I decided to give away a warm down vest I had, a couple of years old but in excellent condition and sure to offer an extra layer of insulation to someone, even if they slept indoors at night, who might be forced to be outside all day long in this sub-zero weather. For fours days, I drove around the parts of my neighborhood I knew I would normally find the regulars, those I see on my daily trips to the grocery store, the bank, the coffee shop.
Initially, I thought I would find someone familiar to me and give it to them, my mind’s eye envisioned a man and I rationalized that giving something with high street value might put a woman at greater risk for theft or worse. This caused me deeper exploration and I felt sick that even a gift could unleash the forces of misogyny. The more I thought about who to give my vest to, the more disgusted at my unconscious mental list of qualifications I became.

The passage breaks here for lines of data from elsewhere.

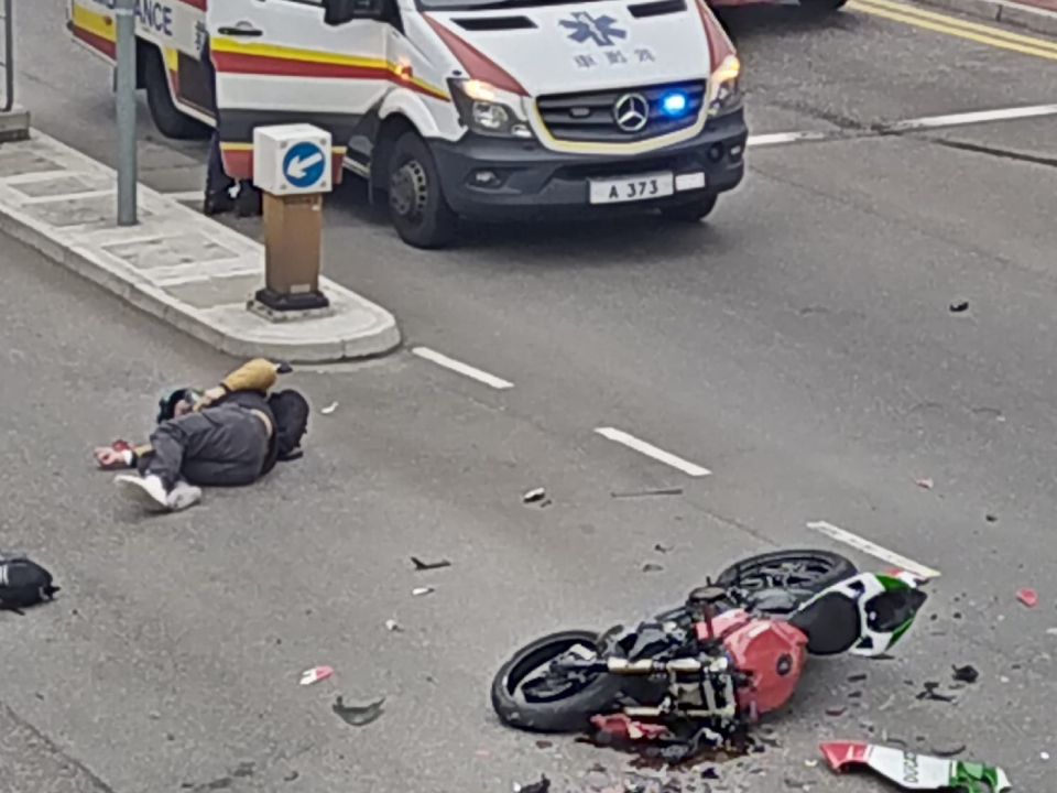 今日(26日)接連發生兩宗涉及電單車的交通事故。下午2時許,新蒲崗爵祿街彩虹道交界,一輛的士及一輛電單車相撞,電單車司機被抛出車外倒地,頭部及心口受傷浴血。救護員到場後,電單車司機清醒被送院治理。意外原因目前仍待調查。
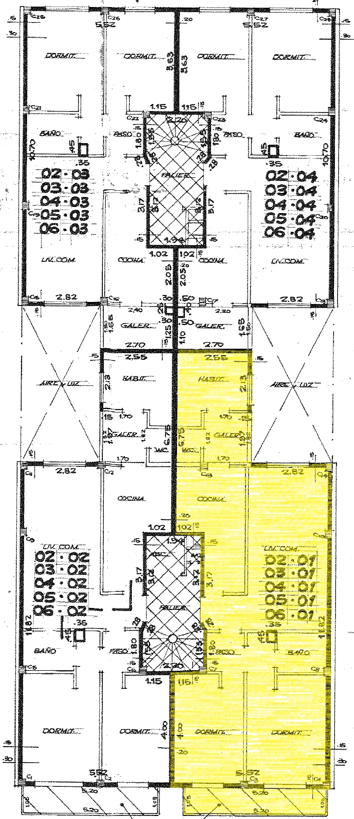 El conjunto del edificio cuenta con dos torres de 10 pisos y dos unidades por piso, con 2 ascensores.
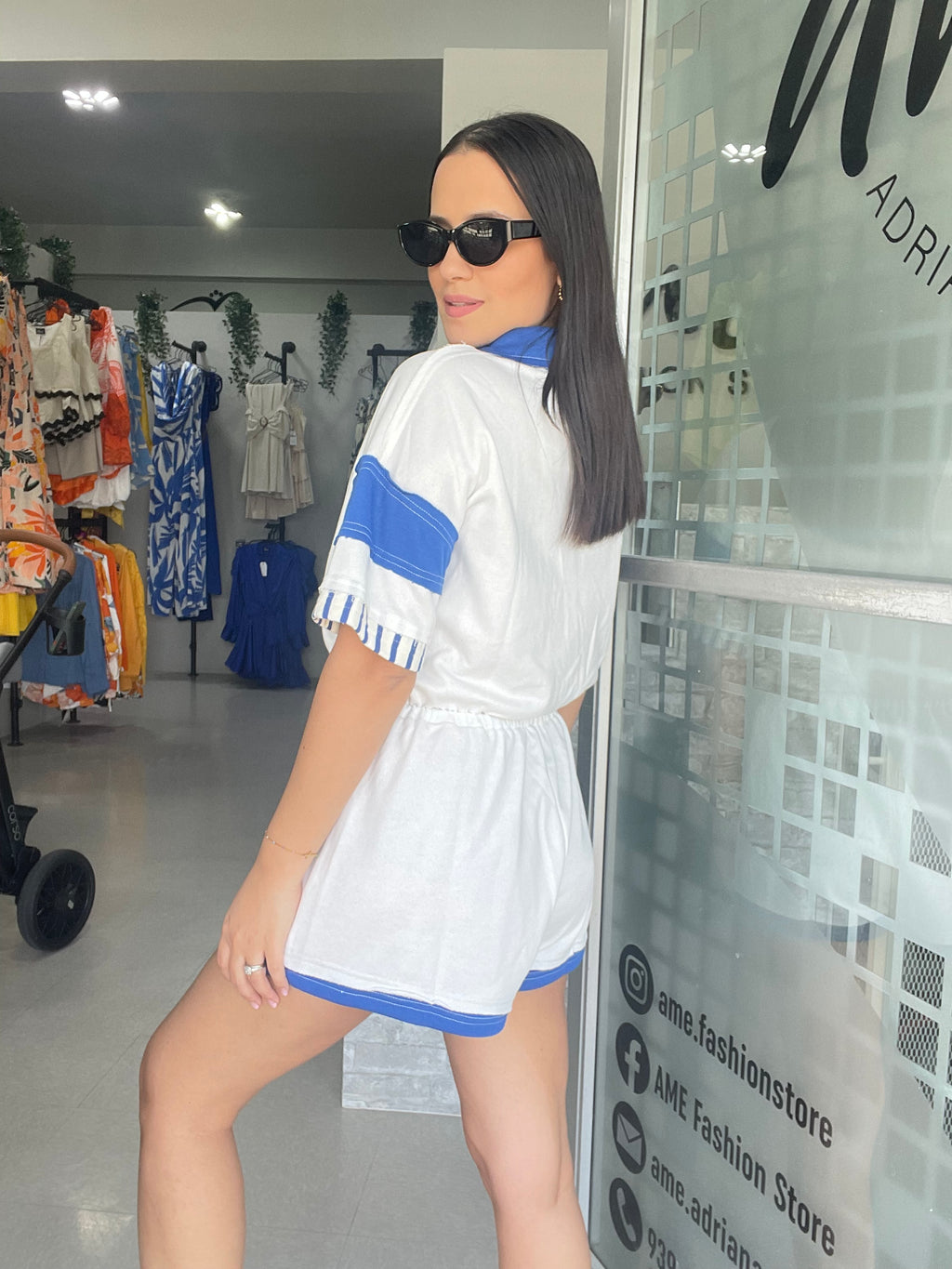 Blue and White Romper

I stopped trolling the Main Street area and headed to the Downtown Eastside, the area of greatest need and target of the greatest judgment. I searched the low track prostitute strolls in the early morning, knowing these women were freezing – but I found none. Adjusting my goal, I began to look for anyone who seemed needy, but I saw no one on the streets, though it was now past nine. I began to feel foolish, my little vest so pathetic, my so-called gift so insignificant and useless to deal with this far-reaching problem of poverty in our city.
I wish I had a poignant ending to share, but I don’t. Tonight, it’s going down to -12, with a wind chill of -19. and I will find some shivering soul to make use of my vest before nightfall, because they can’t all be in shelters, they’re out there, freezing. And I’ll make a plan to do more.
Note: two hours after I posted this, I heard that a homeless woman had died early this morning on the streets of Vancouver, her small makeshift shelter set alight in her attempts to maintain a small campfire to stay warm.